At the moment, the fear in the global economy means that owners of large amounts of Money are prepared to put it wherever they think it is relatively safe. That means that the price of Bonds in countries like the US, the UK, Japan who are able to print money to cover their debts are unsustainably high. Moreover, it is the actions of those States in printing money with which they buy their own debt, in order to pump liquidity into their economies, which also forces the Yields on those Bonds down, whilst at the same time, pushing inflation up. Once the event that is causing the fear has gone, the basis of that will disappear. The owners of Money will be able to look at investing it where it might bring in a reasonable return. Once the fear has gone, after the debt crisis explodes, businesses will once again be able to plan on investing, and be able to utilise some of those vast stores of Money – at least $15 Trillion in the US alone – waiting to be invested.The real losers in such a process will be the Money Capitalists who over the last 30 years have rule the roost, and who have drained Surplus Value away from productive capital, both directly, and through the turning of workers into debt slaves. The Money capitalists through the links they have, and the power they exercise over right-wing parties like the Tories have been able to protect themselves from that denouement. Workers should not be conned into believing their interests are served by a continuance of that. In fact, were workers to obtain control over the funds in their pension Funds, such an event that put Money Capital in its place, could be highly beneficial to workers, who would be able to pick up huge amounts of productive capital at low prices. And a fall in house prices of 90%, would go a long way to resolving the current housing problems by making houses once again affordable for first-time buyers.

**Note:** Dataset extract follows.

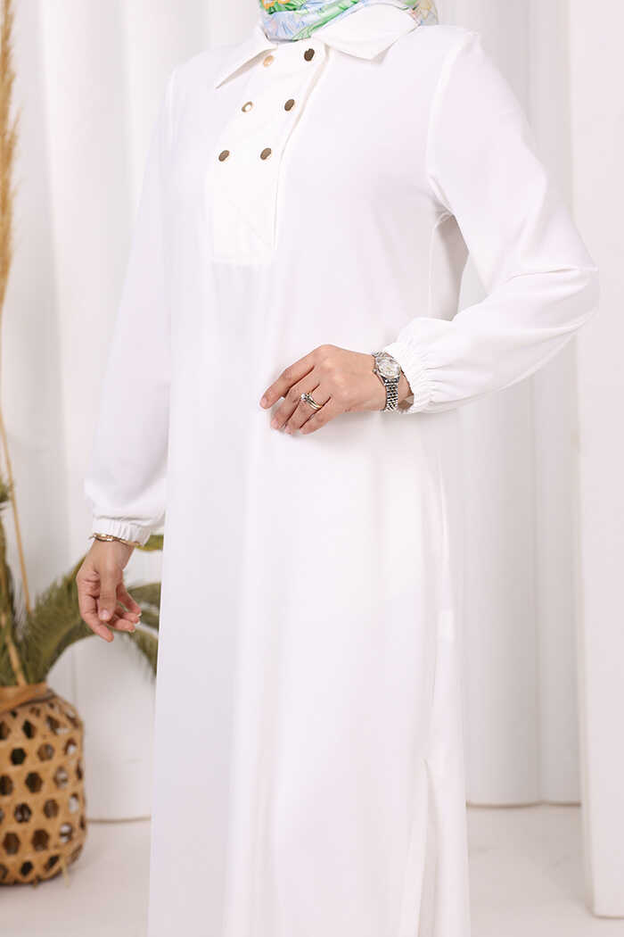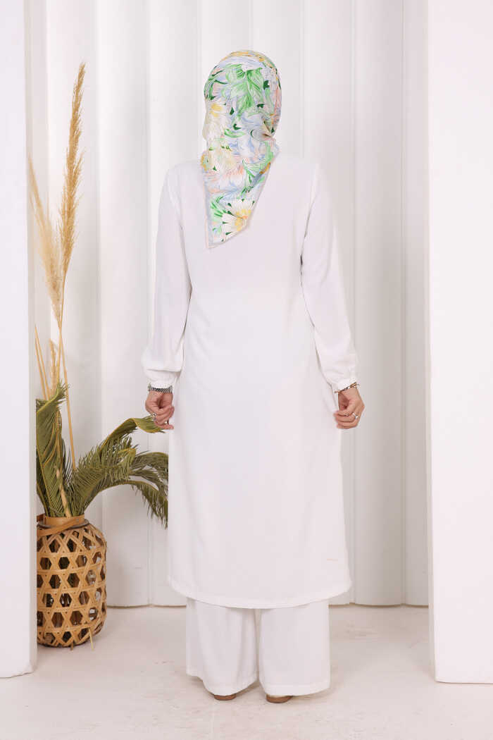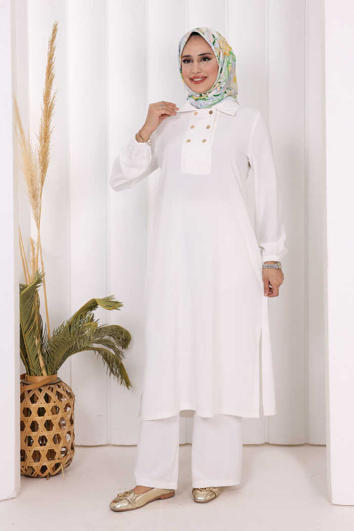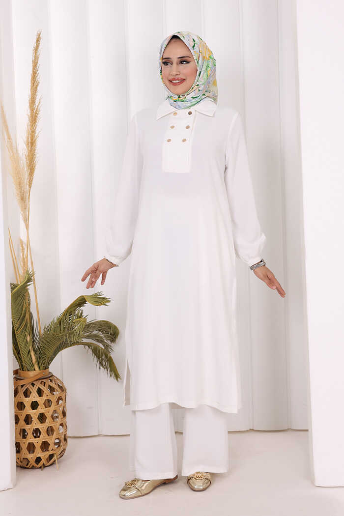 Çıt Çıt Düğme Detaylı Tunik Pantolon İkili Takım 8681 Ekru

In 2008, the International Co-operative Alliance put out a statement arguing that none of the Co-operative and Mutual Banks across Europe had been affected in the way the Capitalist Banks had. If huge swathes of Capitalist Money Capital was wiped out, it would open the door for a huge expansion of those Co-operative Banks. And, as I argued a year or so ago, over the collapse of the Irish Banks, rather than the Capitalist State bailing them out, the State should have just protected the deposits of savers, whilst the Banks were allowed to go bust, and their workers take them over to run as Co-ops, taking over the assets of the Bank.
Rather than being a threat to workers, properly armed with the idea of workers taking over bankrupt capitalist property and running it themselves as worker owned Co-ops, a Greek default, and the subsequent devaluing of Financial and other assets, could provide workers with a golden opportunity.